Background/aims PGC-1α is a versatile inducer of mitochondrial biogenesis and responsive to the changing energy demands of the cell. As mitochondrial ATP production requires proteins that derive from translation products of cytosolic ribosomes, we asked whether PGC-1α directly takes part in ribosomal biogenesis.
Methods/techniques In a first step, we performed in vitro assays using confocal microscopy and Chromatin-immunoprecipitation in HEK and N2A cells. The results were confirmed in co-immunoprecipitation assays. Secondly, different tissues of WT and PGC-1α KO mice were investigated. To translate the in vitro data into in vivo, we cultivated primary cells of brown adipose tissue of WT and PGC-1α KO mice to reproduce the in vitro results. For translation into the human system, we investigated muscle biopsies of 21 healthy humans as well as 6 patients with Huntington’s disease.
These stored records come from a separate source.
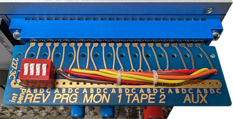 Finally I made another IO board but he wanted the DIP switch for the reverb returns. You can spread the pins to fit the pads in the rear, and fold the pins to wire together over to the reverb return send. I mounted it using Alien Tape which provides insulation for the pins.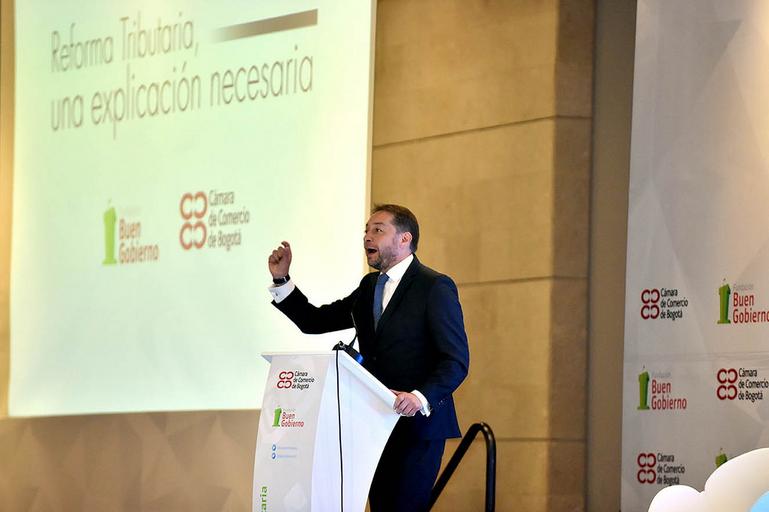 | Keywords: La difícil coyuntura económica generada por la caída en los precios del petróleo y la caída de la inversión, entre otros factores, llevó a la necesidad de plantear una reforma tributaria estructural para aumentar el recaudo. Para profundizar y debatir sobre el proyecto presentado por el Gobierno Nacional ante el Congreso de la República, la Fundación Buen Gobierno y la Cámara de Comercio de Bogotá adelantaron este foro con la presencia del Ministro de Hacienda y el director de la DIAN. Expertos tributaristas y representantes de gremios ante más de mil asistentes, debatieron el tema y dieron luces sobre la conveniencia de la reforma. /Crédito CCB. cámara de comercio bogotá |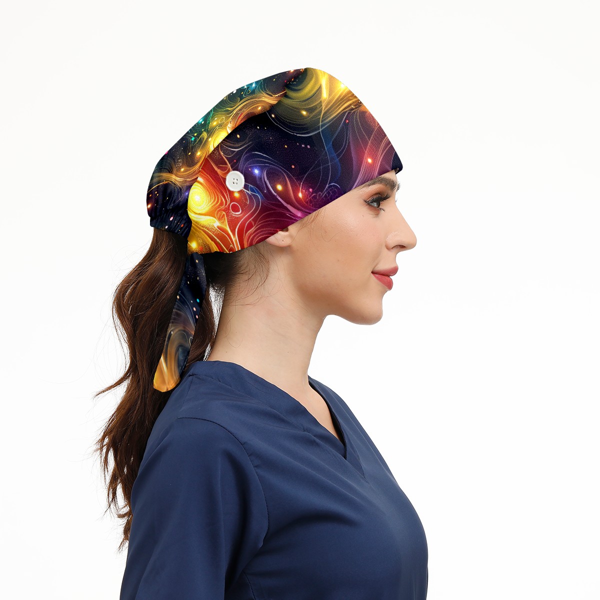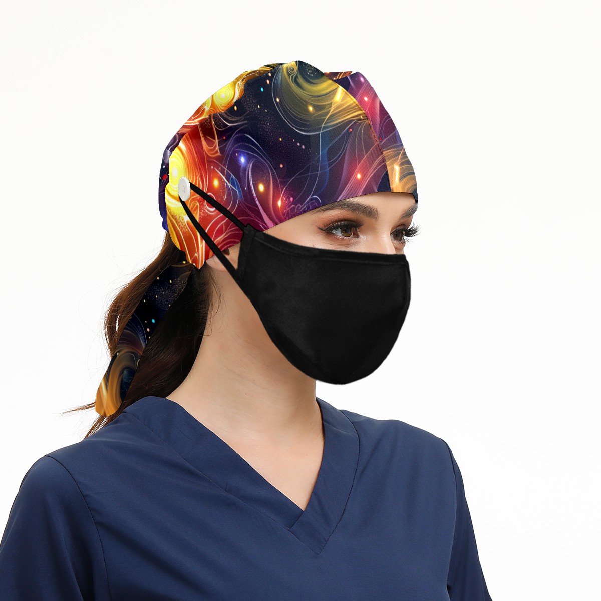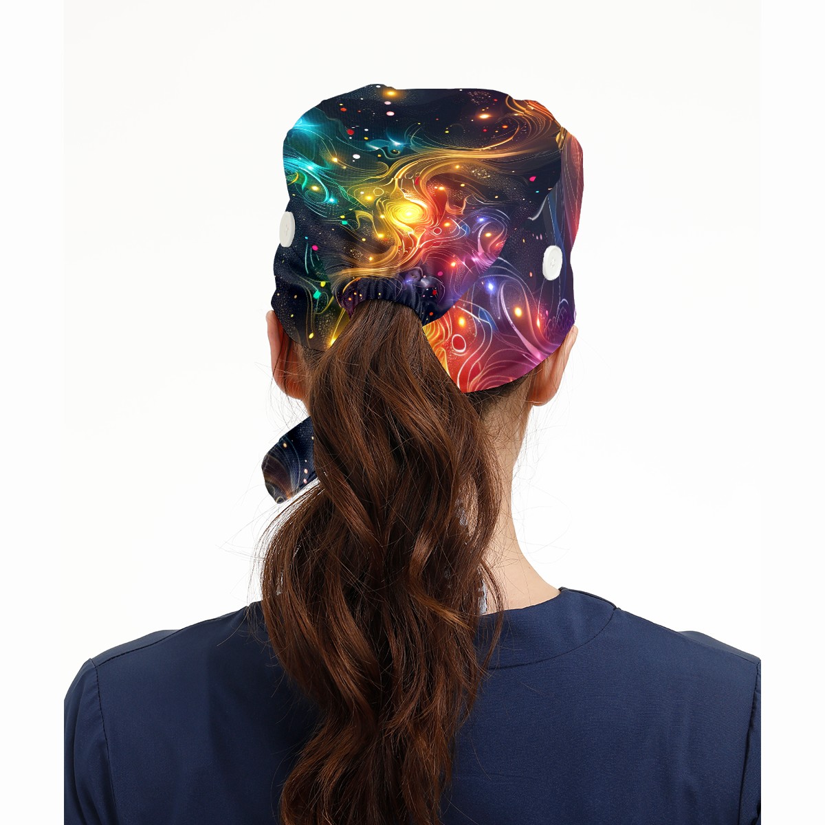 Working Caps with Button & Sweatband Satin Lined Cotton Adjustable Nurse Hats Elastic Band Scrub Cap Surgeon Hat Starry Sky Universe (69)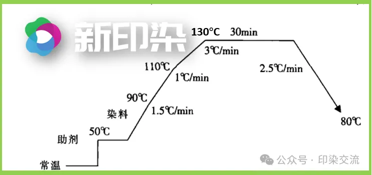 要正确控制升温速度,当染色温度在85℃以下时,染料很少上染,可直接升温。90~110℃是上染速度增加最快的温度区域,需要严格控制升温速度在l℃/min以下。115~135℃范围内可稍快点,但需要将升温速度控制在3℃/min左右。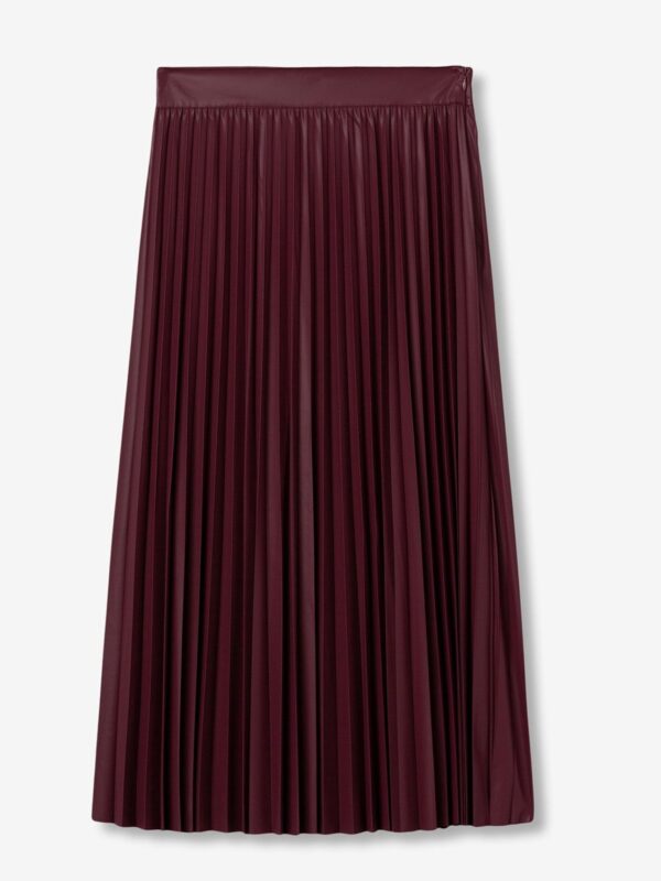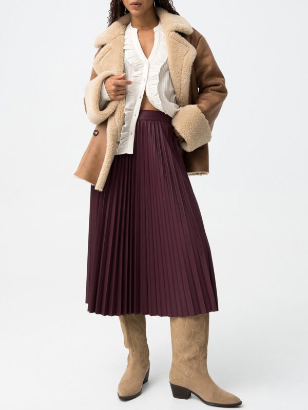 Falda midi plisada, efecto piel, con cintura lisa y diseñada con cierre de cremallera «invisible» en el lateral. Modelo con mucho estilo para diferentes looks.

Results/outcome We show that a fraction of cellular PGC-1α localises to the nucleolus, the site of ribosomal biogenesis. Upon activation it strongly binds the ribosomal DNA and boosts recruitment of RNA polymerase I and UBF to the rDNA promoter. This induces RNA polymerase I transcription under different stress conditions in cell culture and mouse models as well as in healthy humans and is impaired already in early stages of human Huntington’s disease.
Conclusions These results extend the hypothesis, that PGC-1α regulates rDNA transcription under different stress conditions to the observation that even basal levels of ribosomal biogenesis are affected by dysregulation of PGC-1α in Huntington’s disease. This novel molecular link between ribosomal and mitochondrial biogenesis helps to explain sarcopenia and cachexia in diseases of neurodegenerative origin.